Mysql easily handles data that is billions of records. Yes, you will need to ensure that you look after your data integrity - but adding a column to a lookup table versus changing an object that is stored in every single record suddenly seems much easier.
Just make sure that you are keeping the data properly - as in you aren't repeating information that doesn't have to be repeated. Keep countries in one table, and a simple ID in the lookup table that references it.
Upvotes: 5
Reputation: 52107
JSON will prevent the DBMS from checking the validity of countries that you wish to store. It's basically an opaque text, so the DBMS cannot enforce referential integrity (foreign keys).
And even if you don't need to query on countries (which is a pretty big if), you'll at least need to parse JSON before checking for a particular country.

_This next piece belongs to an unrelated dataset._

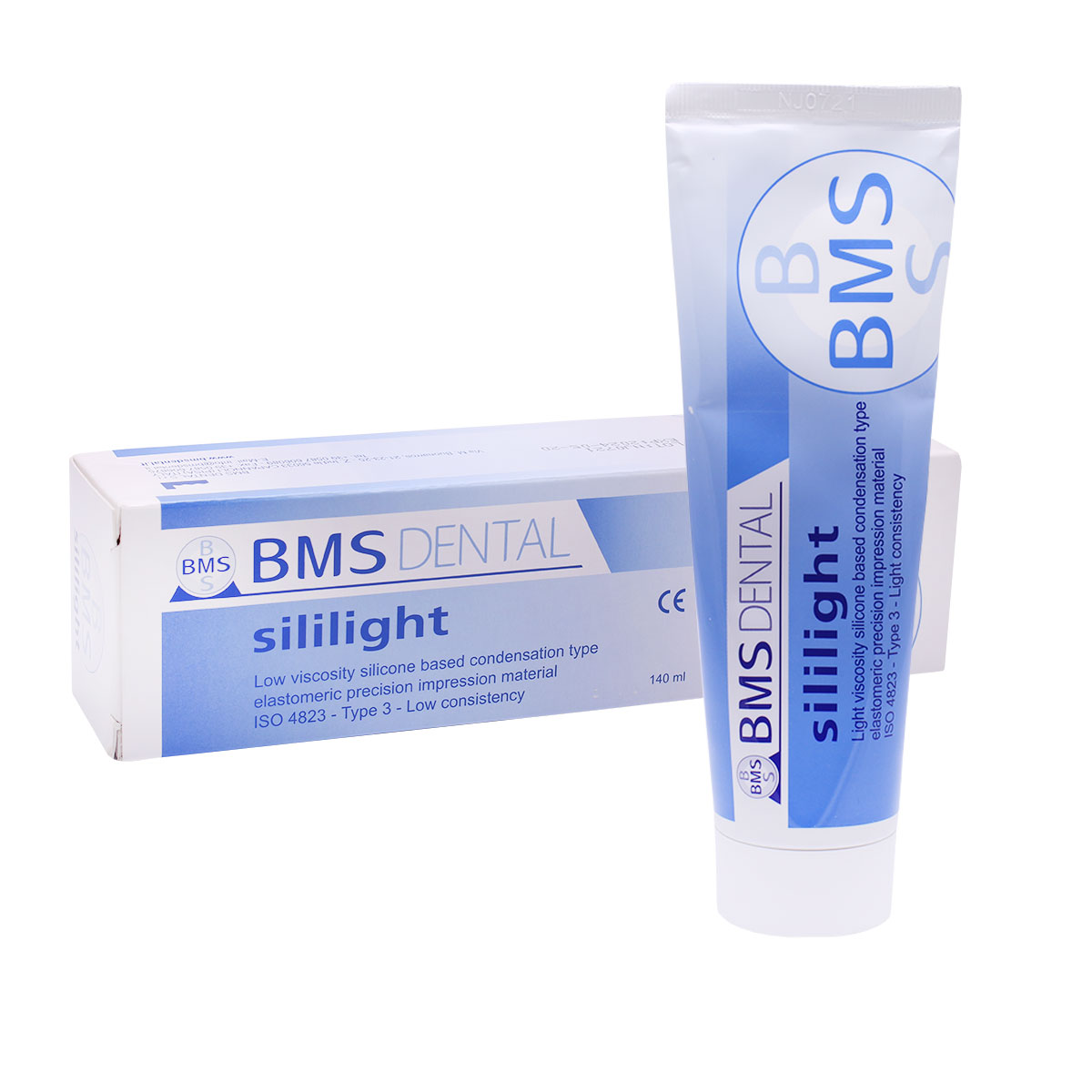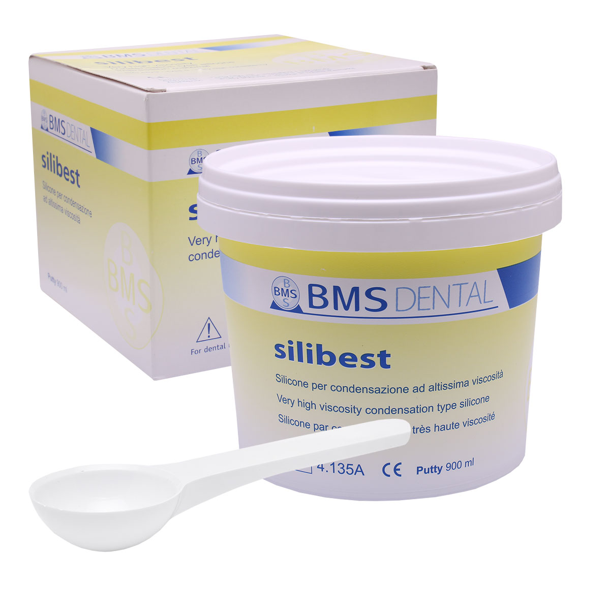 ست قالب گیری تراکمی برند BMS Dental در بسته های حاوی (پوتی) Silibest 900 میلی لیتری، (واش لایت بادی) Sililight 140 میلی لیتری و (اکتیواتور) Catalyst Gel 60 میلی لیتری عرضه می گردد.
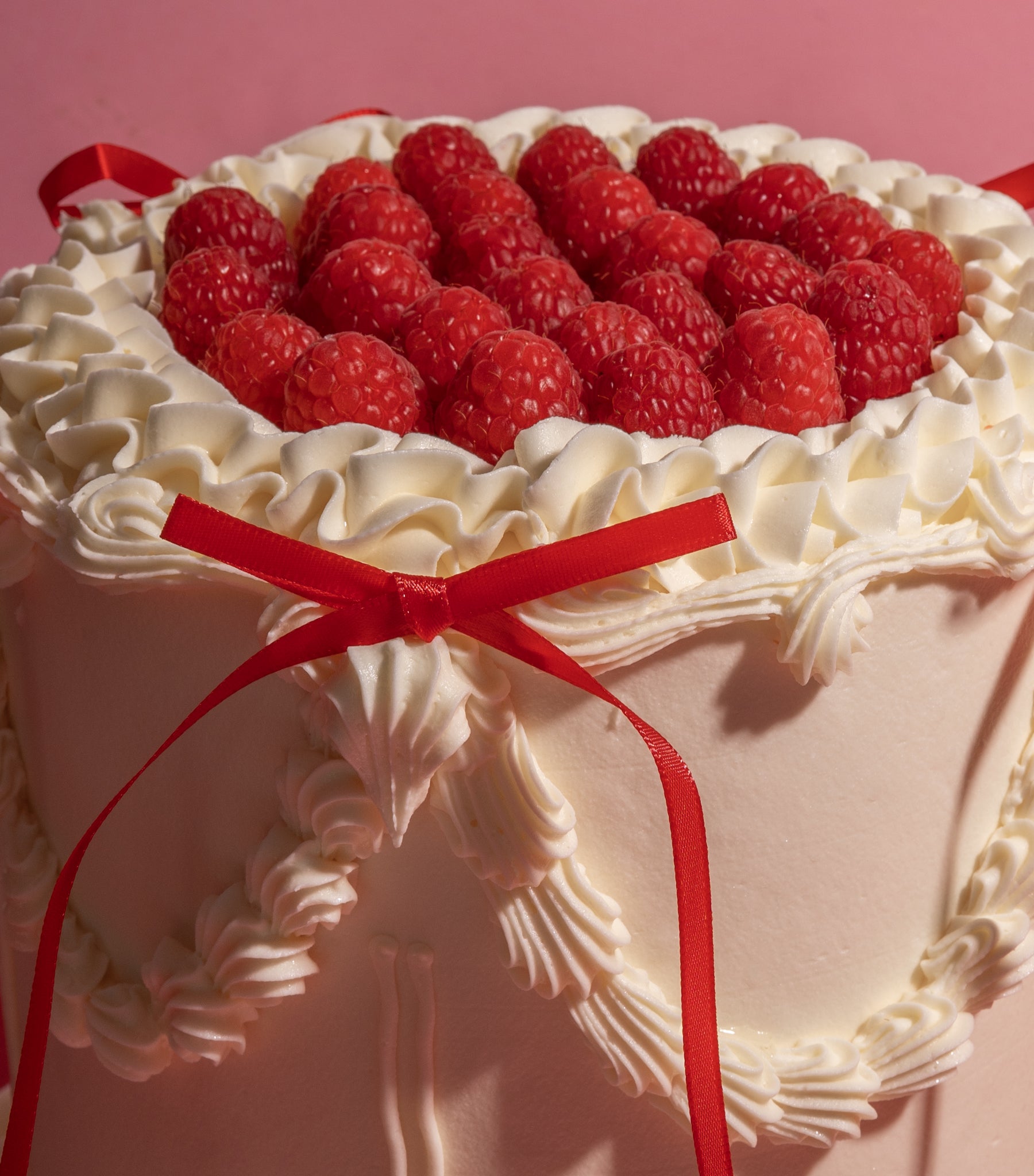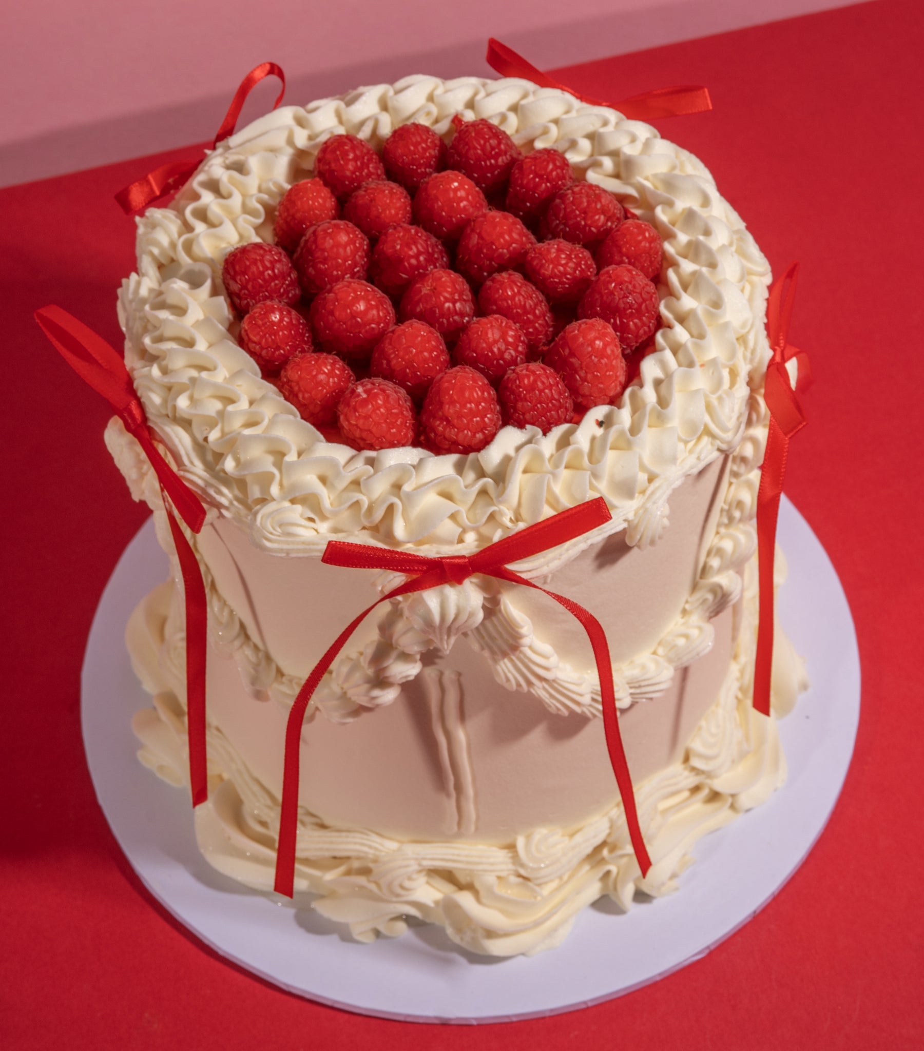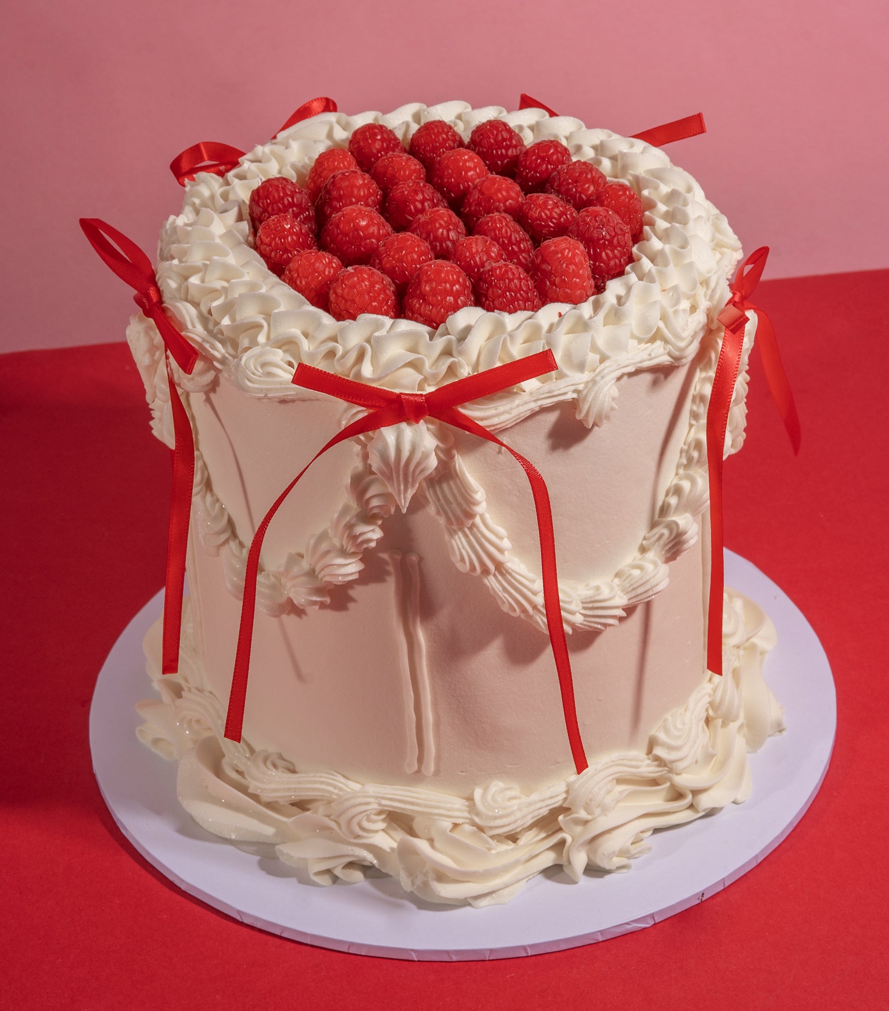 Decoration: Expertly decorated by our amazing cake artists. *Lambeth-style buttercream borders. *Intricate piped swags, ruffles and handcrafted details. *Red ribbon bows. *Finished with juice fresh raspberries.

JSON can be a good match for hierarchical data, but this is just a simple set (a country is either element of the set or not), which can be nicely represented by a separate junction table ARTICLE_COUNTRY, which can then be maintained and searched efficiently:
This junction table would link only to countries in which the article is accessible. If most articles are accessible from most countries, you could even reverse the meaning of the junction table and only store "forbidden" countries, thus lowering the overall number of rows.
Upvotes: 0
Reputation: 63
You can have a separate table for Countries and have their IDs stored with the article table.
You can have Options for All Countries, Asia, Europe, North America, South America etc. stored in your countries tables.
Upvotes: 0
Reputation: 16298
You have a "country" table and a "article" table. I would make a third "country-article" consisting only of the indexes that should match. After all Mysql is relational. If you're worried about performance, benchmark.
Upvotes: 1
Reputation: 1751
I would use another table instead for that data, and make a unique column to match it.
Upvotes: 1
Reputation: 3911
One option might be to use a bitfield to represent your countries, using the MySQL bit or binary type. This would allow you to store the information for each contry in a single bit, which would only end up requiring 32 additional bytes per record(8 bits/byte * 32 bytes = 256 bits).
I'm not certain, but it might even be possible to query using bitwise operations, which could potentially be very fast.
Upvotes: 0
Reputation: 6432
In short I would say that storing Json Data within a column in a Relational database is fine if you are not going to be querying data based on that column.
If you will be needing to look up data based on that column there would be a huge performance hit to having to parse the json prior to excluding data thus this would be a no no.
We ran into this issue at my job on a smaller scale and storing json of the properties in the database has worked well to not increase the complexity of the database for non searched properties.
Upvotes: 3